Rodrigo Bastos

Personal information
- Full name: Rodrigo Pimentel Bastos
- Nationality: Brazil
- Born: 4 July 1967 (age 58) Guarapuava, Brazil
- Height: 1.81 m (5 ft 11+1⁄2 in)
- Weight: 100 kg (220 lb)

Sport
- Sport: Shooting
- Event: Trap (TR125)
- Coached by: Carlo Danna

Medal record
Men's shooting
Representing Brazil
Pan American Games
| Silver medal – second place | 2003 Santo Domingo | TR125 |

= Rodrigo Bastos =

Brazilian sport shooter

Rodrigo Pimentel Bastos (born July 4, 1967 in Guarapuava) is a Brazilian sport shooter. He represented his nation Brazil in two editions of the Olympic Games (1988 and 2004), and also picked up a silver medal in men's trap at the 2003 Pan American Games in Santo Domingo, Dominican Republic.

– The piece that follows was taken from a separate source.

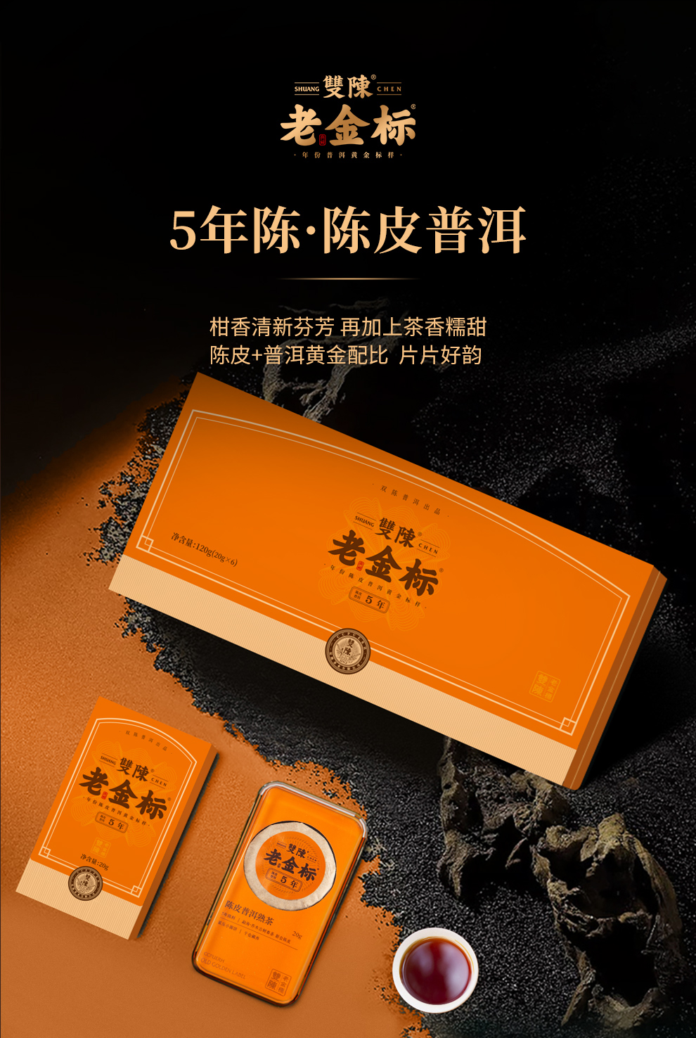双陈老金标5年陈皮普洱熟茶勐海古树春茶新会陈皮120g/盒送礼品饮甘甜片片好韵办公旅行装

Bastos made his official debut at the 1988 Summer Olympics in Seoul, where he shared a fortieth spot with Chinese shooter Gao E in the mixed trap, accumulating a total score of 137 clay pigeons. On that same year, Bastos scored 24 hits to pocket the gold medal at the ISSF World Cup series in Mexico City, Mexico.

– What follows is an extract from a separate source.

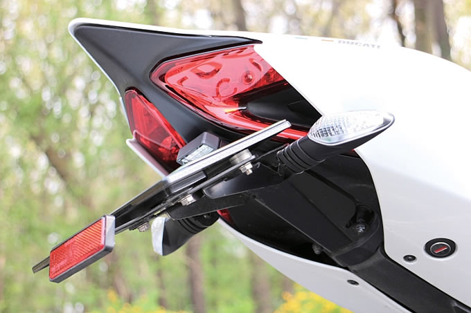 「速い乗り物が大好き」というオーナー。以前はスズキのハヤブサも所有。四輪車は日産のスーパーマシン GT-R を所有していると言う。エキゾーストパイプのカバー と インナーリアフェンダー は、ライディングハウスのカーボン。シートはドゥカティ東京ウエストのオリジナル加工品。イチオシパーツであるヴォーグの リンクアーム は、ロッドの支持部分にエキセントリックシャフトを装備し、無段階でレバー比の調整が可能となっている。リンクロッド もヴォーグのアジャスタブルタイプを使用。ステップ は、カッチリとした操作感が好みで選んだというアエラ。スクリーンはドゥカティコルセで、フェンダーレスキット はモトクレイジーをチョイス。

Sixteen years after his first Olympics, Bastos qualified for his second Brazilian squad, as a 37-year-old, in the men's trap at the 2004 Summer Olympics in Athens. Earlier in the process, he placed second behind U.S. sport shooter Lance Bade by a single point difference from the Pan American Games in Santo Domingo, Dominican Republic, ending a 15-year medal drought of his sporting career. He scored 117 out of 125 targets to obtain a fourteenth spot in the prelims, tying his record with four other shooters.

At the 2014 ISSF World Shooting Championships in Granada, Spain, Bastos delivered an astonishing record in the nation's sporting history with a fifth-place finish in the men's trap. With his nation hosting the 2016 Summer Olympics in Rio de Janeiro, Bastos is expected to compete on his third Olympic bid.